- DATA BELOW -

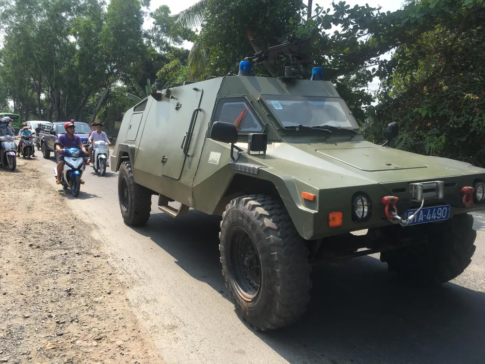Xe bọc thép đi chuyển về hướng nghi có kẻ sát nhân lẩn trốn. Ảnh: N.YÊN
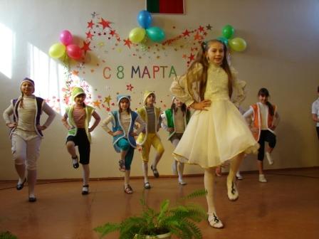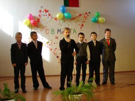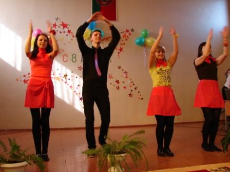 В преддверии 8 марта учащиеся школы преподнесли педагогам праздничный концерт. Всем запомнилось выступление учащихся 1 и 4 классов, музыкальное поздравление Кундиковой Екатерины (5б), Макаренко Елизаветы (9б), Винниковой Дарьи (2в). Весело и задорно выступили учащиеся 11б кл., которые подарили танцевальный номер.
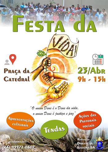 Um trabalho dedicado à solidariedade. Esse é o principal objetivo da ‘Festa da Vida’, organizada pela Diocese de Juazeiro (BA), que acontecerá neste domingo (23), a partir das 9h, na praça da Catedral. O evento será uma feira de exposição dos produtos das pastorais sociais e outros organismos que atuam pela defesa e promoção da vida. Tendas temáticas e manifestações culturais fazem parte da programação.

- TASK -
Every picture stays out; reproduce exactly the lines from the one with "В преддверии 8" through the last line of the data above.

- TASK OUTPUT -
 В преддверии 8 марта учащиеся школы преподнесли педагогам праздничный концерт. Всем запомнилось выступление учащихся 1 и 4 классов, музыкальное поздравление Кундиковой Екатерины (5б), Макаренко Елизаветы (9б), Винниковой Дарьи (2в). Весело и задорно выступили учащиеся 11б кл., которые подарили танцевальный номер.
 Um trabalho dedicado à solidariedade. Esse é o principal objetivo da ‘Festa da Vida’, organizada pela Diocese de Juazeiro (BA), que acontecerá neste domingo (23), a partir das 9h, na praça da Catedral. O evento será uma feira de exposição dos produtos das pastorais sociais e outros organismos que atuam pela defesa e promoção da vida. Tendas temáticas e manifestações culturais fazem parte da programação.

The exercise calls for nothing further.